Fire on Beacon Hill
Leaving Loughborough,
Watching from a window of a speeding train
I saw the familiar streets and country lanes,
Backyard slums over zigzagging fences,
Telegraph poles that strung loops of wire behind them,
Their flickering shadows left to loom,
Characters soon forgotten in the sunlight.
Hunch-back mounds mantled in embroidery colours
Covered the downs of the countryside,
Dressed in changing shades of under blade grass,
Folded in the winds flow
Across blankets of green and flowers.
The waves of wind raked fields and twining rivers
Strode past my light-soaked eyes.
The sun glimmering through a cloudy sky,
Casting mottled hues upon
The far off hills of Charnwood.
The strange, quiet distance viewed from the window.
Scenery somehow unreal
In the comfortable rocking motion of the train
With only the sound of the wheels,
Jig, jogging drums along the railway.
Reminding me of very different times, so vivid in my mind.
The familiar view of Beacon Hill upon the horizon.
Every day we had seen the view from my window
In our Loughborough house of Charnwood Road.
For in recent weeks the knowledge of the inevitable
Was forever coming closer,
The time to leave Loughborough and lose each other forever.
In the days before, we made many visits to the forest
To walk among the ground ivy and heather.
Walking up high slopes, passing aged oak trees,
Along varicose paths of twisted roots,
Over rugged jags of flint jutting from the rocky ground.
This was Beacon Hill
In evenings of mellow Autumn skies.
To touch and hold each other,
To at least make this place known to us before parting.
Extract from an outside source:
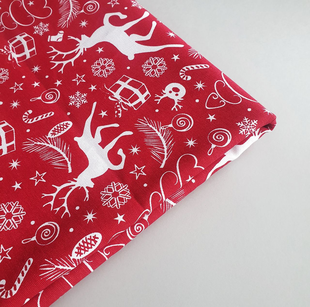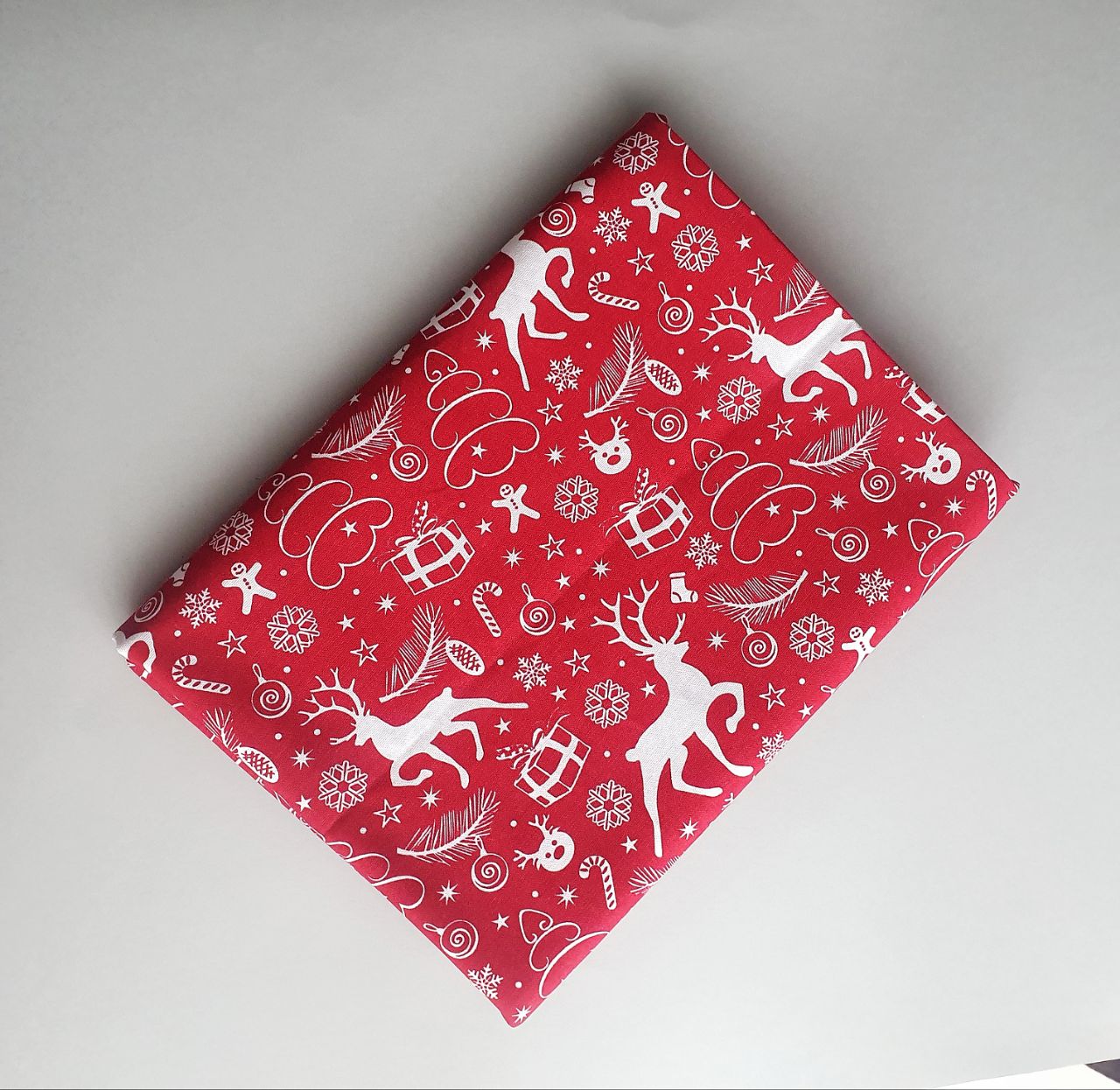 Розмір: 165*140 см Щільність: 230 г/м Тип тканини: Бавовна Тип малюнка: Новорічні Тон: Червоний

The shouts of children, sound of roaming dogs,
Dog mess, mud and soggy moss,
Smell of damp rotting wood and scent.
Soaking our senses in the presence
Where russet ochre's of fallen leaves
Blended so well with the coats of animals,
Swift flocks of birds flew overhead on their way away .
A quivering breeze against our rugged clothes,
Giving our bodily curves away, whispering to our ears
As our hair was blown into knots.
Nothing could really be said
Other than what was seen and felt,
Just to remember those last days together.